:: Required work ::
From the line containing "Ведро для мусора" down to the final line of the entries below, quote every line verbatim. Exclude pictures.

:: Available data ::
►
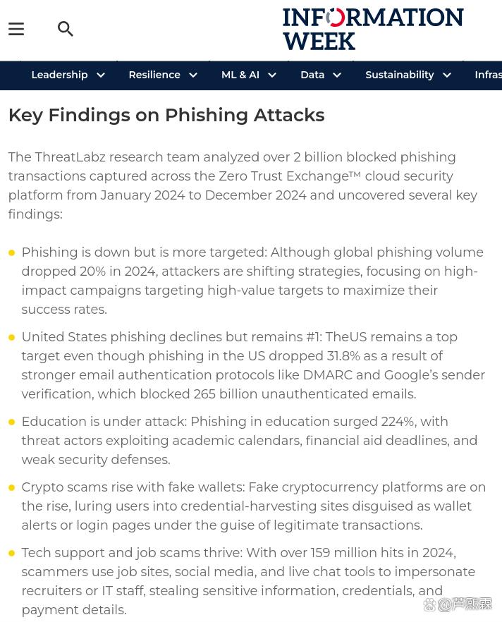 网络钓鱼(Phishing)作为社会工程攻击的主要形式,长期以来是数据泄露与账户接管事件的重要诱因。尽管过去十年中,电子邮件认证协议(如SPF、DKIM、DMARC)、反垃圾邮件引擎及用户安全意识培训显著降低了大规模广撒网式钓鱼的成功率,但攻击者并未退却,而是转向更隐蔽、更精准、更具欺骗性的战术。据Zscaler ThreatLabz于2025年发布的报告,2024年全球钓鱼攻击总量同比下降20%,但针对高价值目标(如企业财务、人力资源及IT管理人员)的定向攻击成功率显著上升。这一“量减质升”的转变,标志着钓鱼攻击已进入智能化、协同化与场景化的新阶段。
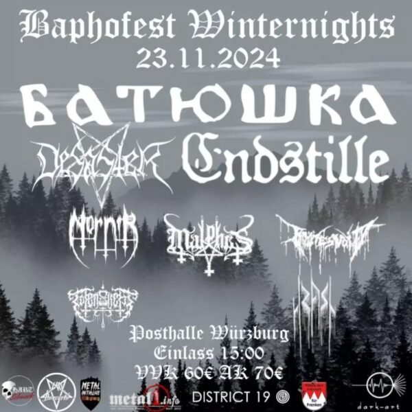 L'année 2017 s'est déroulée dans un dunklen Kellergewölbe im Herzen Würzburgs der Grundstein gelegt, the hiesige Black-Metal-Szene neu zu beleben et de plus grandes Veranstaltungen voran zu treiben. Et ainsi Wurde das Baphofest ins Leben gerufen. Alors que le Clubshow-Reihe sollte der local Underground soutient et gleichzeitig aussi grand, les groupes ultrarégionaux auf die Bühne gebracht werden.
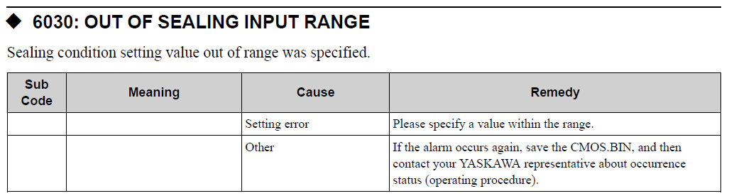 YRC1000 ALARM CODE 6030 OUT OF SEALING INPUT RANGE October 19, 2023 18:15 Updated Comments 0 comments Please sign in to leave a comment.
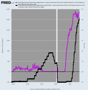 It’s actually very simple. The Fed needed to pretend that it was raising interest rates in a financial system flooded with rate-depressing excess liquidity. So it used the O/N RRP to set a floor under money market rates by sopping up massive amounts of excess liquidity, and then systematically raised the rate it pays overnight lenders from 5 basis points as recently as March 2022 to 480 basis points at present.
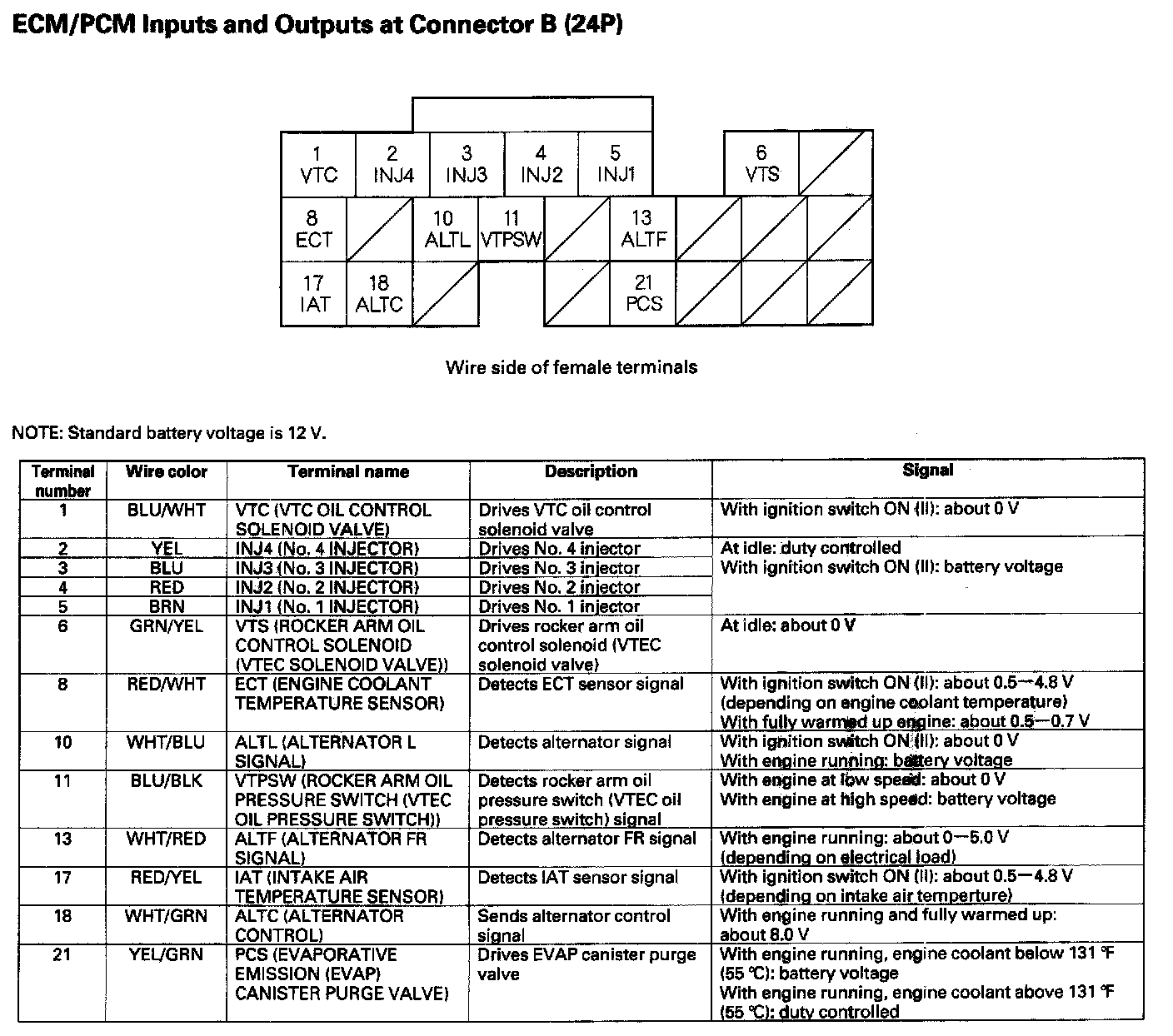ECM/PCM Inputs And Outputs At Connector B (24P):
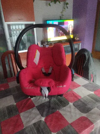 Silla de coche para bebé en buen estado general y completamente funcional. Ha sido usada pero sigue siendo perfectamente utilizable. Solo necesitaría lavado o limpieza de las telas porque tiene polvo normal del uso. La estructura está en buen estado, el arnés y los anclajes funcionan correctamente, el asa de transporte está en buen estado y mantiene los acolchados y reductores para bebé. Es un portabebé tipo grupo 0+, pensado aproximadamente desde recién nacido hasta unos 12-13 kg. Incluye reductores acolchados para bebés pequeños y arnés de seguridad. Ideal para quien necesite una silla funcional para uso diario, como segunda silla
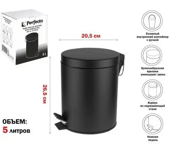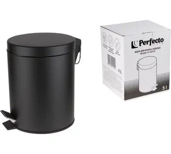 Ведро для мусора с педалью PERFECTO LINEA 5 л, черное, сталь, 22-202105
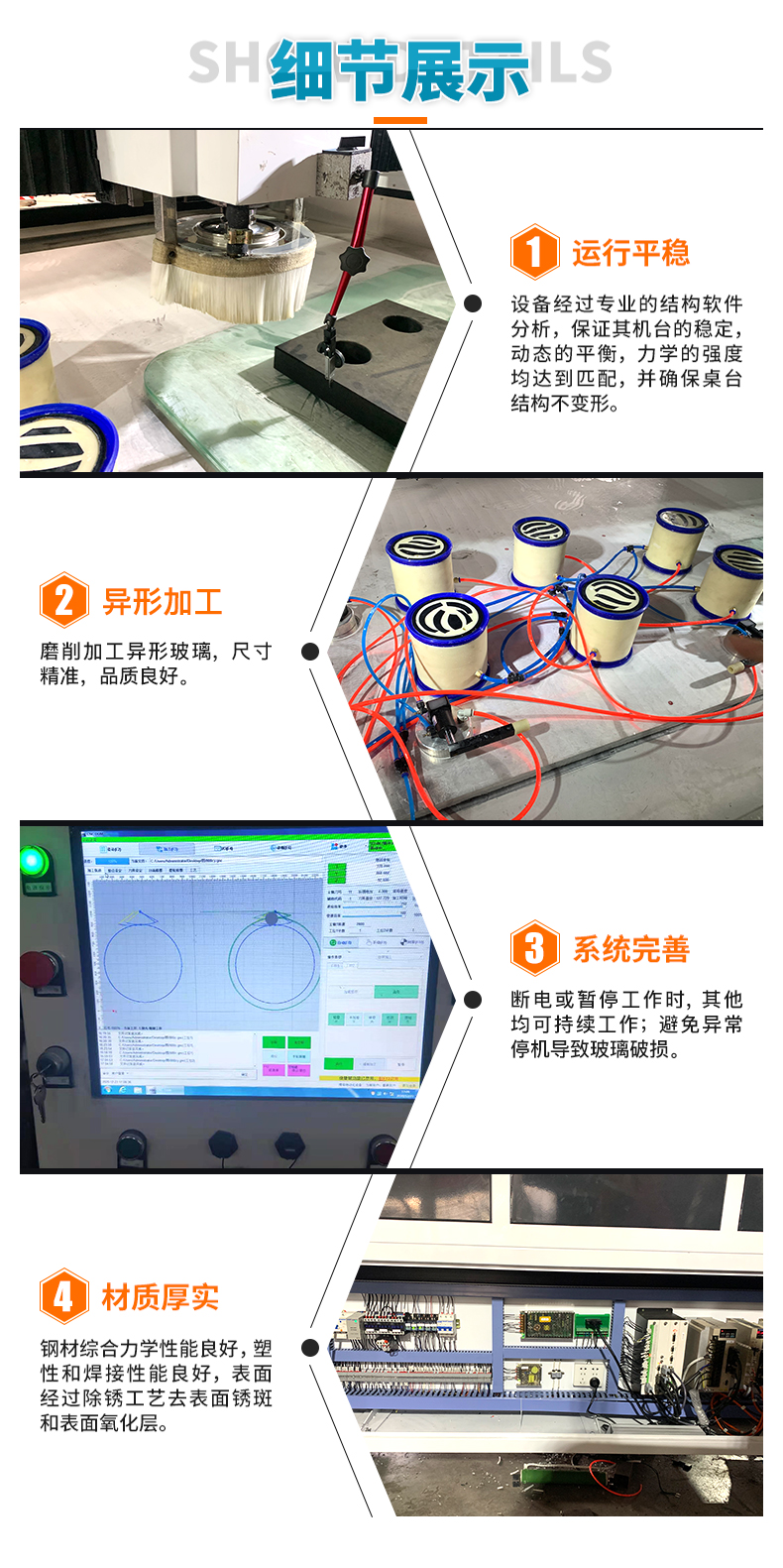 操作系統簡介:l 、運行速度快,運行平穩,控制精度高,控制器結構模塊化; 2 、流水線切割模式、光電定位切割模式、直接切割模式通過選項自由設置。 3 、加工路徑實時跟蹤顯示,警自動記錄。適時記錄運動坐標,軸狀態, ! / 0 狀態,故障診斷與報 4 、下刀距離可設。編輯加工文件時可以不用修邊,提高玻璃利用率。 5 、 OX 「類文件的排序功能,有近點、切入點,或按圖形顏色順時針、逆時針排序等選項。自由實現單相切割與雙向切割切換。 6 、圖庫套料編程,從圖庫中選取異形,設置相關參數、加工數量,自動套料,生成加工軌跡。了、補償功能:刀具偏心補償、間隙補償、螺距補償。 8 、光電定位功能(確定玻璃的實際位置)切割。根據實際位置和偏轉角度,自動調整 9 、各種保護:包括軟硬限位、刀壓限制、外部急停控制等等。、速度增加/降低按鈕可適時優化機器切割速度。、人機界面簡潔大方,參數調整簡單,需要操作人員修改的參數較少,簡單直觀,對操作人員要求低。、主機采用一體機模式,穩定性高
◄
:: Reply to the task ::
 Ведро для мусора с педалью PERFECTO LINEA 5 л, черное, сталь, 22-202105
 操作系統簡介:l 、運行速度快,運行平穩,控制精度高,控制器結構模塊化; 2 、流水線切割模式、光電定位切割模式、直接切割模式通過選項自由設置。 3 、加工路徑實時跟蹤顯示,警自動記錄。適時記錄運動坐標,軸狀態, ! / 0 狀態,故障診斷與報 4 、下刀距離可設。編輯加工文件時可以不用修邊,提高玻璃利用率。 5 、 OX 「類文件的排序功能,有近點、切入點,或按圖形顏色順時針、逆時針排序等選項。自由實現單相切割與雙向切割切換。 6 、圖庫套料編程,從圖庫中選取異形,設置相關參數、加工數量,自動套料,生成加工軌跡。了、補償功能:刀具偏心補償、間隙補償、螺距補償。 8 、光電定位功能(確定玻璃的實際位置)切割。根據實際位置和偏轉角度,自動調整 9 、各種保護:包括軟硬限位、刀壓限制、外部急停控制等等。、速度增加/降低按鈕可適時優化機器切割速度。、人機界面簡潔大方,參數調整簡單,需要操作人員修改的參數較少,簡單直觀,對操作人員要求低。、主機采用一體機模式,穩定性高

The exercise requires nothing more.